Local civic body in Rajamahendravarm, Andhra Pradesh, India

Rajamahendravaram Municipal Corporation (RMC) is the civic body that governs the city of Rajamahendravaram in the Indian state of Andhra Pradesh. It is spread over an area of 44.50 km2.

== History ==
The Municipal Corporation mechanism in India was introduced during British Rule with formation of municipal corporation in Madras (Chennai) in 1688 and later followed by municipal corporations in Bombay (Mumbai) and Calcutta (Kolkata) by 1762.

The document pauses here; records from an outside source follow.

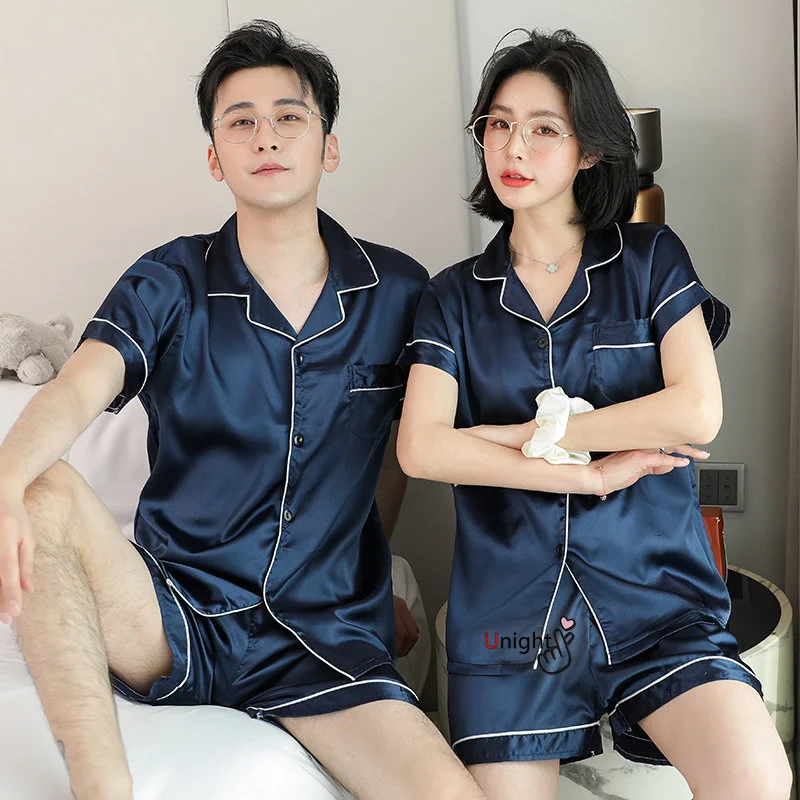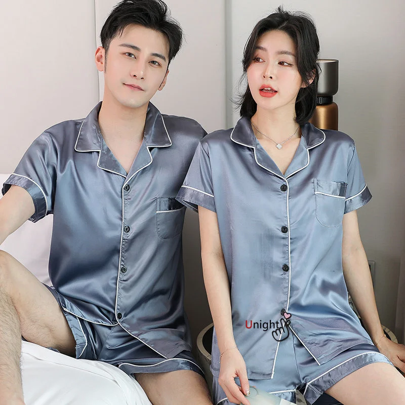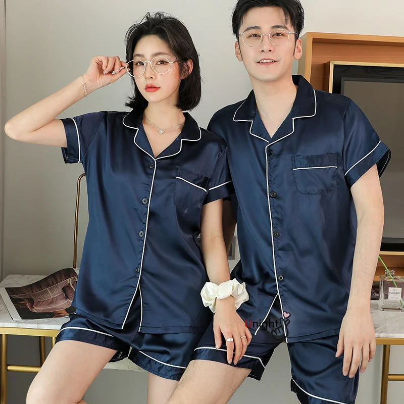 Пижамы для пар, мужские и женские парные шорты в комплекте, шелковая летняя Роскошная атласная Домашняя одежда больших размеров, костюм, топ и брюки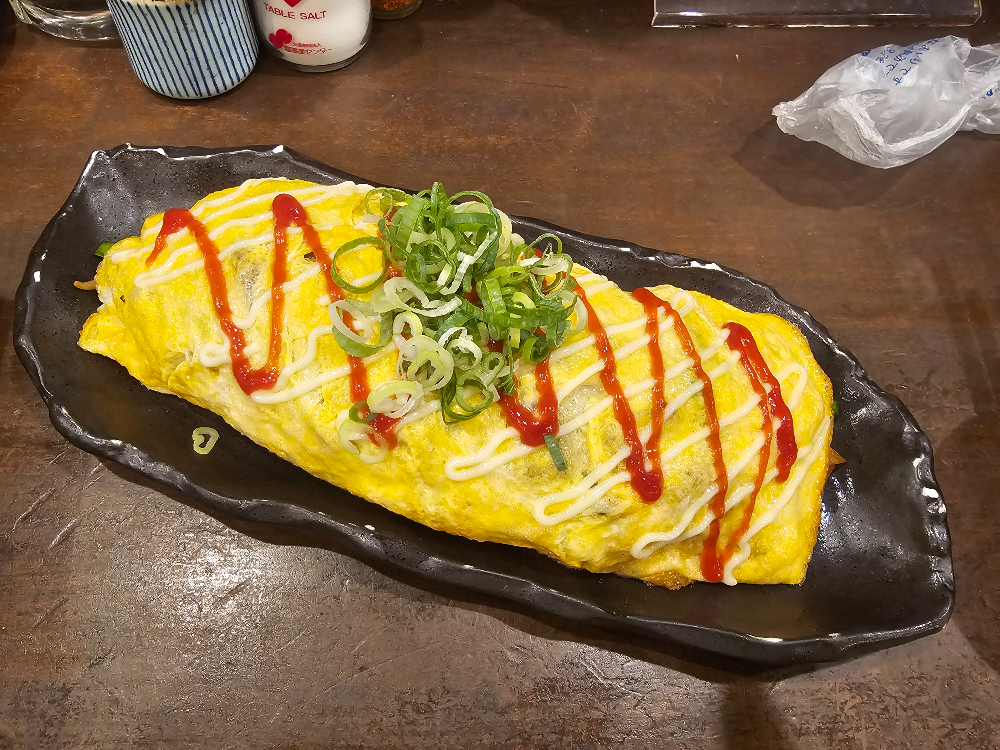 술과 함께 주문한 안주는 돈페이야키(とん平焼き)와 면이 들어 있는 오므라이스(オムそば)입니다.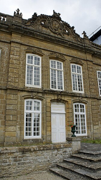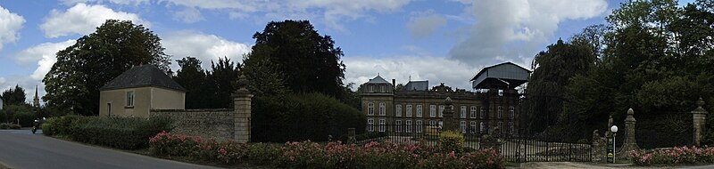 Le bâtiment comprend un corps central flanqué de deux ailes saillantes aux angles incurvés. La façade donnant sur le parc, de style Louis XIV, est couronnée d'un fronton triangulaire sculpté de figures féminines. L'étage présente un large balcon sur un portique central et des têtes de macarons au‑dessus des fenêtres. La façade d'entrée porte un fronton découpé dans un cartouche rocaille asymétrique et des masques ornent les clefs des fenêtres. Dans le parc se signale une orangerie néoclassique à façade convexe, coiffée d'un toit en ardoises qui suit la même courbure et dont le sommet est arrondi. De grandes baies alternent avec des fenêtres surmontées d'oculi. Les grilles d'entrée sont également classées et le parc, clos, comporte des pièces d'eau.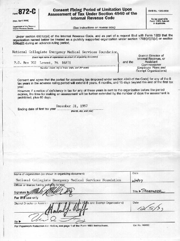 The National Collegiage EMS Foundation is a 501(c)(3) non-profit with a federal tax ID of 25-1789953 and a DUNS number of 06-968-7154. Commonly-requested documentation to verify tax-exempt status or to register NCEMSF as a vendor with your institution or organization is below. Please note that per IRS policy, forms do not need to be updated to the current calendar year; past versions of the form should be accepted so long as the IRS has not added any new fields to the form that apply to NCEMSF.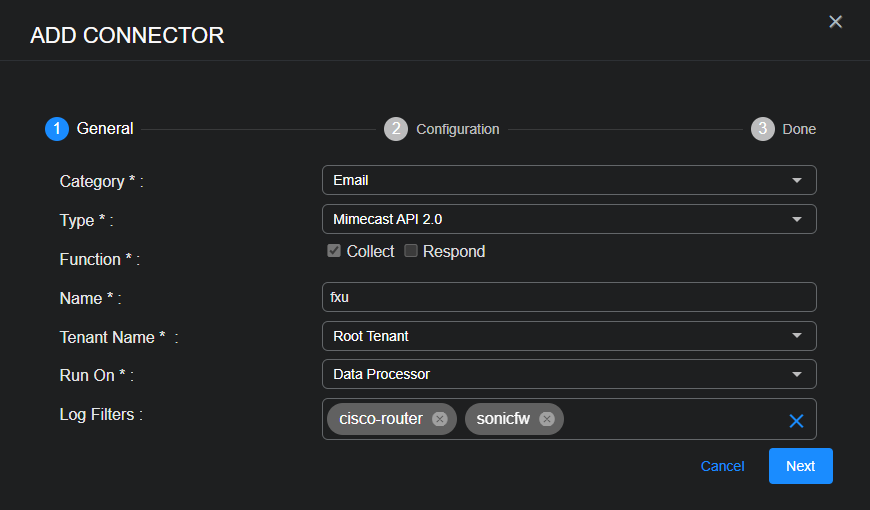 When the Function is Collect, you can apply log filters to a connector. The configuration page does not display the Log Filters field if the Function is only Respond.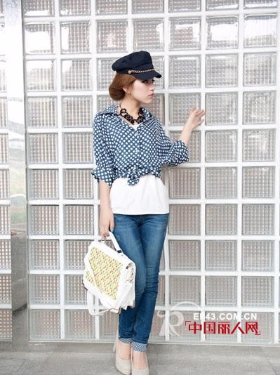 圆点蓝色衬衫+白色背心+牛仔裤,圆点的蓝色衬衫穿的很有FEEL,搭配的更加可爱,比如说搭配一条裙子或者短裤,都很OK,这样的搭配风格,非常清新甜美,简约时尚。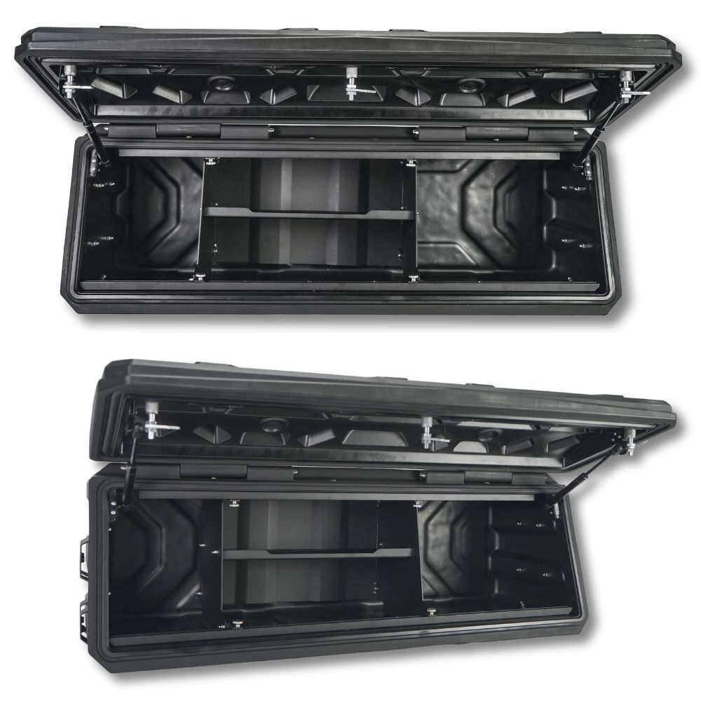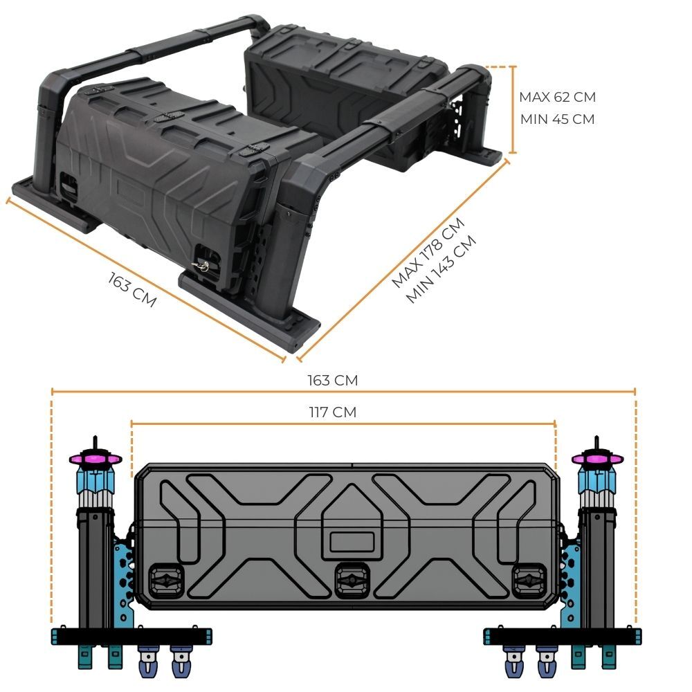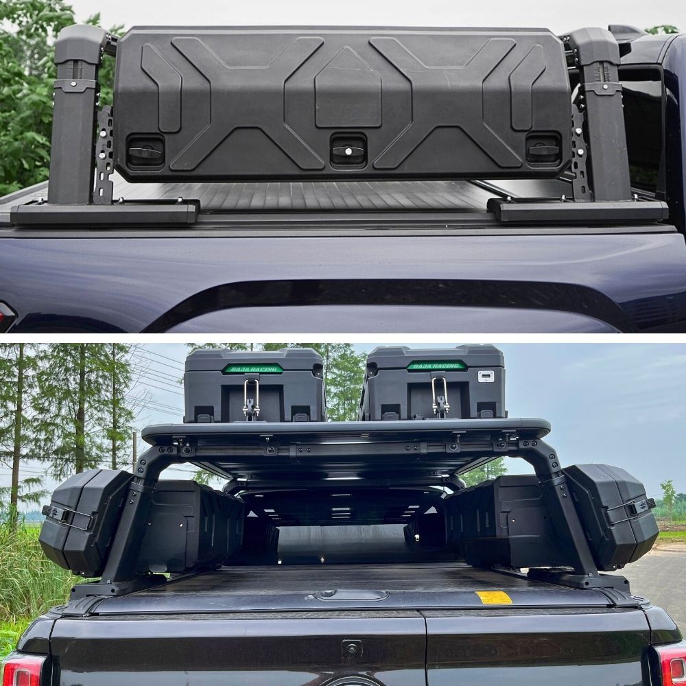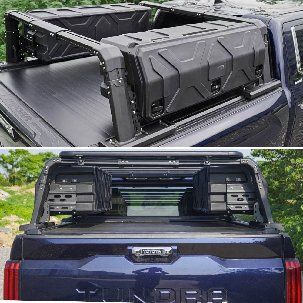This rack stands out as one of the sturdiest available, featuring 2 lockable storage boxes with adjustable shelves, channels for adding a roof platform or rooftop tents, and brackets to install a low-profile platform between the boxes for extra gear. With full adjustability in height, width, and length, this tub rack transforms your vehicle into a tough, rugged rig—perfect for those who don’t want a canopy but still need extra storage above their tub or roller shutter, without the added weight of a canopy.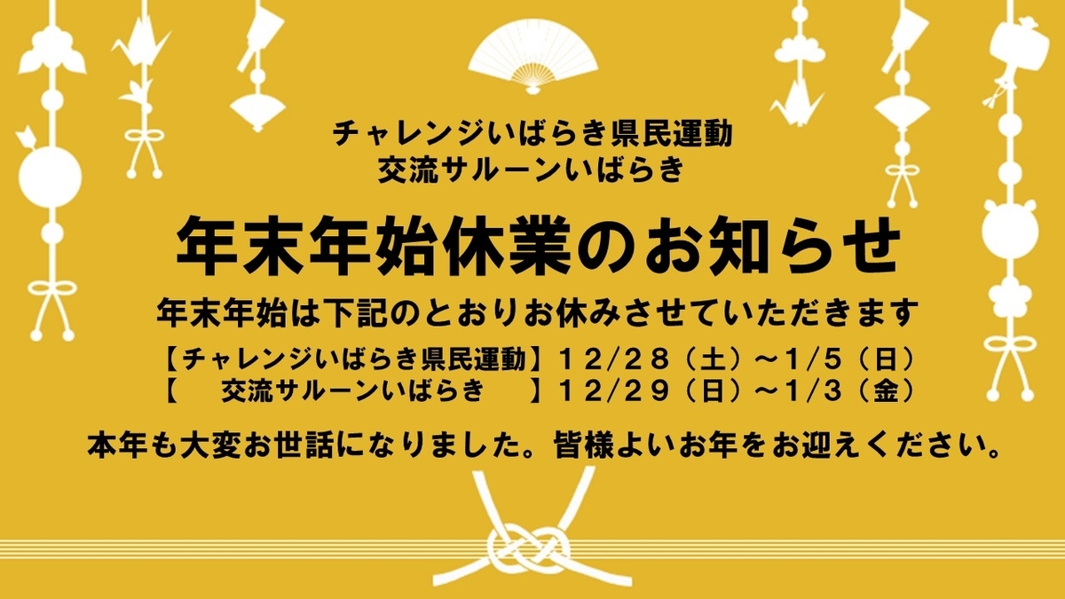 チャレンジいばらき県民運動と交流サルーンいばらきは,年末年始下記のとおりお休みさせていただきます。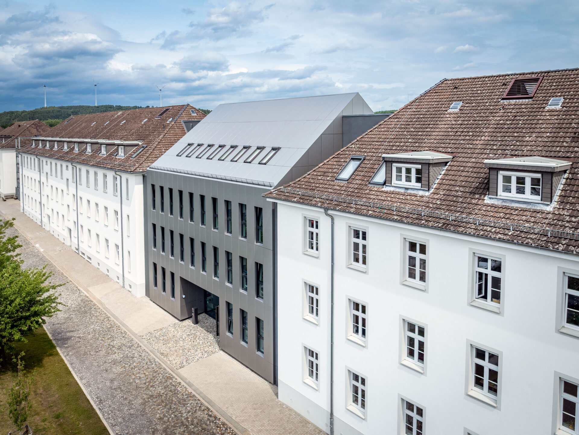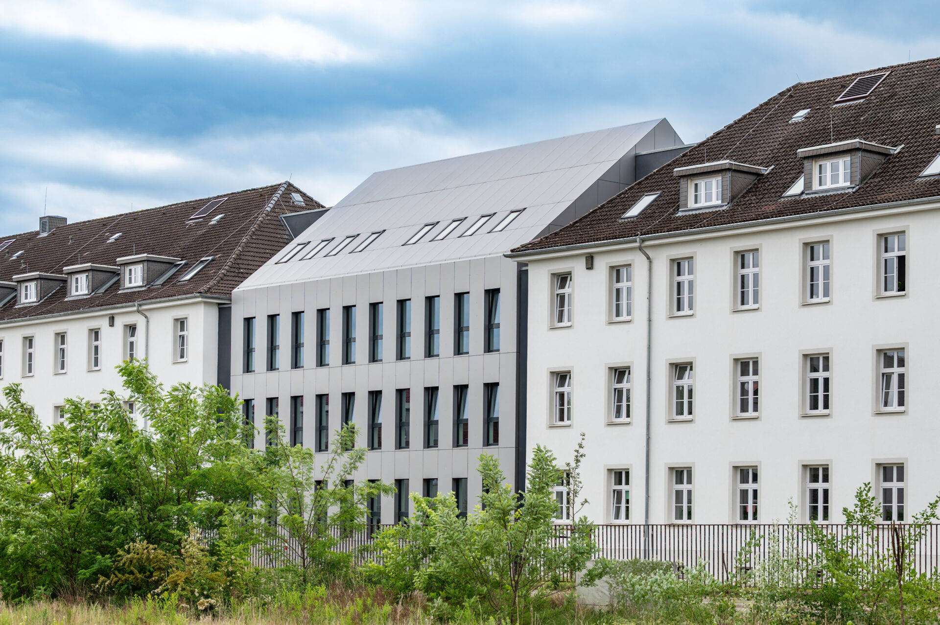 In den Fluren der ehemaligen Unterkunftsgebäude wurden die allgemeinen Funktionsbereiche – wie Kopierzonen, Sanitärräume, Teeküchen und Putzmittelräume – mittig angeordnet, um die Büroflächen effizient zu nutzen. Die dadurch entstehenden Aufweitungen in den Fluren eignen sich hervorragend als Kommunikationszonen.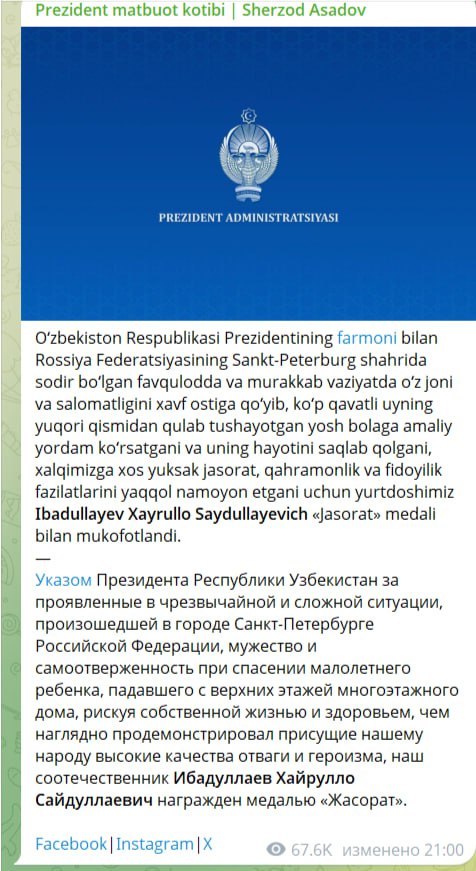 Oʻzbek hokimiyatining kechikkan reaksiyasi (23-fevral kuni soat 21:00 da, Toshkent vaqti bilan), shoshilinch ravishda davlat mukofotini topshirish va rejimning targʻibot mashinasi orqali namoyishkorona qahramonlashtirish bilan birga, gʻamxoʻrlik emas, balki jamoatchilik kun tartibini oʻz qoʻliga olishga urinish boʻldi.

Rajahmundry municipal corporation is one of the oldest corporations which started in the year 1866. It was headed by the British till 1884 and when they had permitted contesting for municipal chairman elections. N. Subba Rao Pantulu served in this municipal corporation. First Chief Minister of Andhra Pradesh Tanguturi Prakasam Panthulu also won as chairman in 1903. Zamindar of Dharmavaram Kanchumarthi Ramachandra Rao and many others took active participation in it. Vogeti Ramakrishnayya garu served as municipal councilor for a long time. Nidamarthi Durgaiah, Mocherla Ramchandra Rao, Eluri Lakshmi Narasimham etc. acted as chairman for this council. In 1994 Rajahmundry Municipality is upgraded to Rajahmundry Municipal Corporation. Maturi Srinivasa Chakravarthi was the first mayor of the city.

== Administration ==
Rajamahendravaram Municipal Corporation (RMC) is administered by an elected body, headed by the Mayor. As per the 2011 Census of India, the city population was 3,41,831 with a metro population of 419,818. The present municipal commissioner is Ketan Garg.

== Mayors ==

List of Mayors of Rajamahendravaram Municipal Corporation
| S.No | Mayor | Dy Mayor | Term start | Term end | Party |  | Notes |
|---|---|---|---|---|---|---|---|
| 1 | Maturi Srinivasa Chakravarthi |  | 2000 | 2005 |  | Telugu Desam Party | First Mayor |
| 2 | Adireddy Veera Raghavamma | B.S.Prasad | 2007 | 2012 |  | Telugu Desam Party | First Women Mayor |
| 3 | Pantham Rajani Sesha Sai | Vasireddy Rambabu | 2015 | 2019 |  | Telugu Desam Party |  |

== Elections ==
Elections to the Rajamahendravarm Municipal Corporation were held in 2014. The results are as follows:

| S.No. | Party name |  | Symbol | Won |
|---|---|---|---|---|
| 1 |  | Telugu Desam Party |  | 34 |
| 2 |  | YSR Congress Party |  | 8 |
| 3 |  | Independents |  | 5 |
| 4 |  | Bharatiya Janata Party |  | 1 |
| 5 |  | Bahujan Samaj Party |  | 1 |
| 6 |  | Indian National Congress |  | 1 |

After the term expired, elections were not held due to the matter regarding merger of surrounding villages into the corporation and the formation of Greater Rajamahendravaram Municipal Corporation which is sub judice

== Functions ==
Rajamahendravaram Municipal Corporation is created for the following functions:

- Planning for the town including its surroundings which are covered under its Department's Urban Planning Authority .
- Approving construction of new buildings and authorising use of land for various purposes.
- Improvement of the town's economic and Social status.
- Arrangements of water supply towards commercial,residential and industrial purposes.
- Planning for fire contingencies through Fire Service Departments.
- Creation of solid waste management,public health system and sanitary services.
- Working for the development of ecological aspect like development of Urban Forestry and making guidelines for environmental protection.
- Working for the development of weaker sections of the society like mentally and physically handicapped,old age and gender biased people.
- Making efforts for improvement of slums and poverty removal in the town.

== Wards ==
Source:

There are 50 wards under the jurisdiction of Rajamahendravarm Municipal Corporation(RMC) which may increase further to 52 after the inclusion of surrounding areas including Torredu, Katheru, Bommuru among others.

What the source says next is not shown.